Give all the lines below again, exactly, with no pictures.

> [RECORDED DATA]

╔══

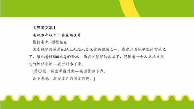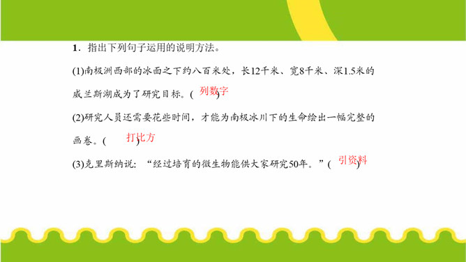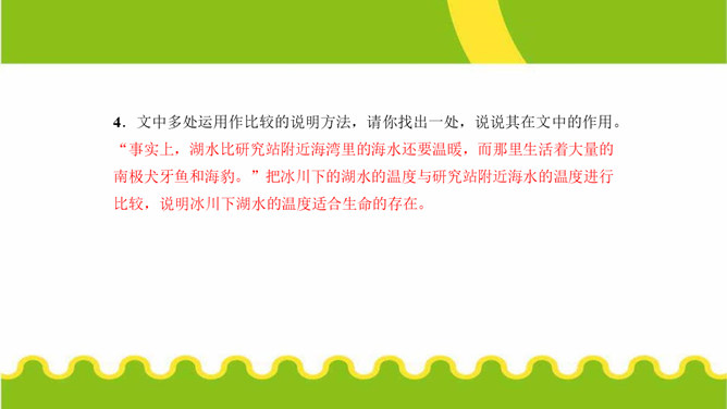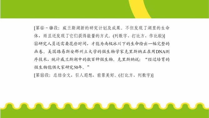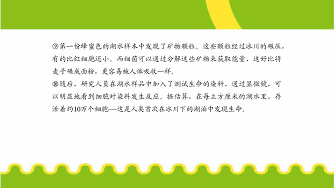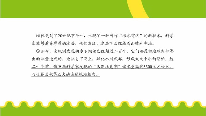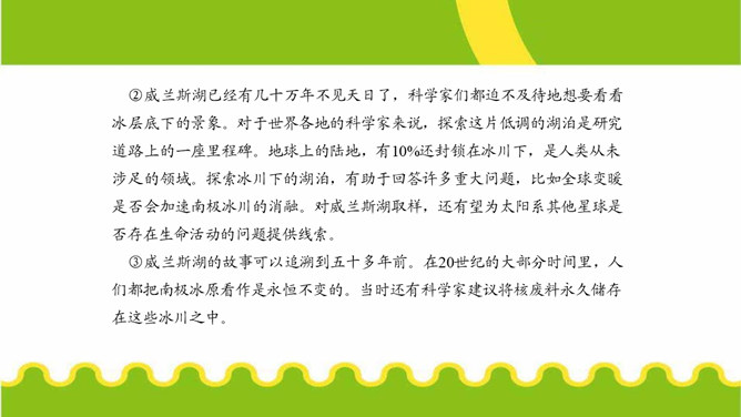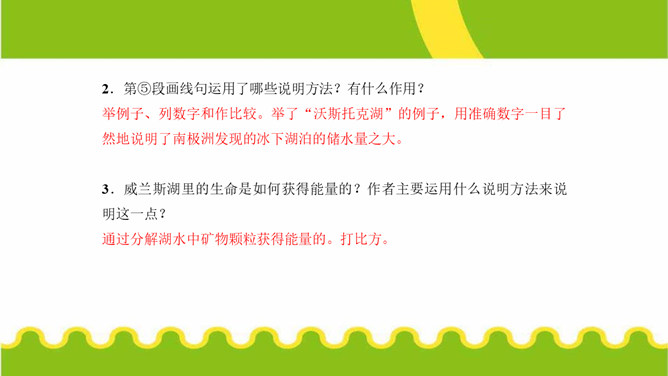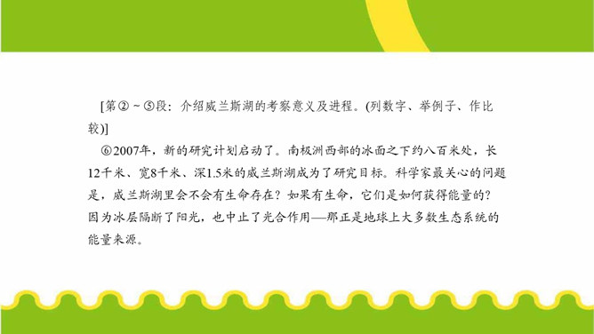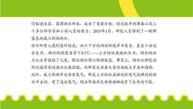 第⑤段画线句运用了哪些说明方法?有什么作用?举例子、列数字和作比较。举了“沃斯托克湖”的例子,用准确数字一目了然地说明了南极洲发现的冰下湖泊的储水量之大。威兰斯湖里的生命是如何获得能量的?作者主要运用什么说明方法来说明这一点?通过分解湖水中矿物颗粒获得能量的。文中多处运用作比较的说明方法,请你找出一处,说说其在文中的作用。“事实上,湖水比研究站附近海湾里的海水还要温暖,而那里生活着大量的南极犬牙鱼和海豹。”把冰川下的湖水的温度与研究站附近海水的温度进行比较,说明冰川下湖水的温度适合生命的存在。所属专题:说明的顺序ppt。
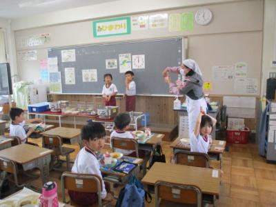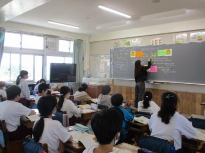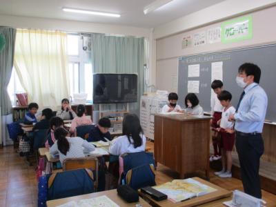 <最後は、出前授業の感想を伝えました。みんな笑顔でとても楽しかったようです>
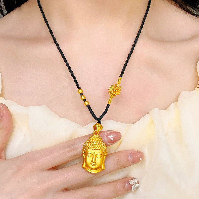 ゴールドストアと同じスタイルのサンドゴールド仏頭ペンダントソリッド永遠の安全ネックレス女性用大日如来蓮織りロープレトロ

╚══

> [RESULT BELOW]
 第⑤段画线句运用了哪些说明方法?有什么作用?举例子、列数字和作比较。举了“沃斯托克湖”的例子,用准确数字一目了然地说明了南极洲发现的冰下湖泊的储水量之大。威兰斯湖里的生命是如何获得能量的?作者主要运用什么说明方法来说明这一点?通过分解湖水中矿物颗粒获得能量的。文中多处运用作比较的说明方法,请你找出一处,说说其在文中的作用。“事实上,湖水比研究站附近海湾里的海水还要温暖,而那里生活着大量的南极犬牙鱼和海豹。”把冰川下的湖水的温度与研究站附近海水的温度进行比较,说明冰川下湖水的温度适合生命的存在。所属专题:说明的顺序ppt。
 <最後は、出前授業の感想を伝えました。みんな笑顔でとても楽しかったようです>
 ゴールドストアと同じスタイルのサンドゴールド仏頭ペンダントソリッド永遠の安全ネックレス女性用大日如来蓮織りロープレトロ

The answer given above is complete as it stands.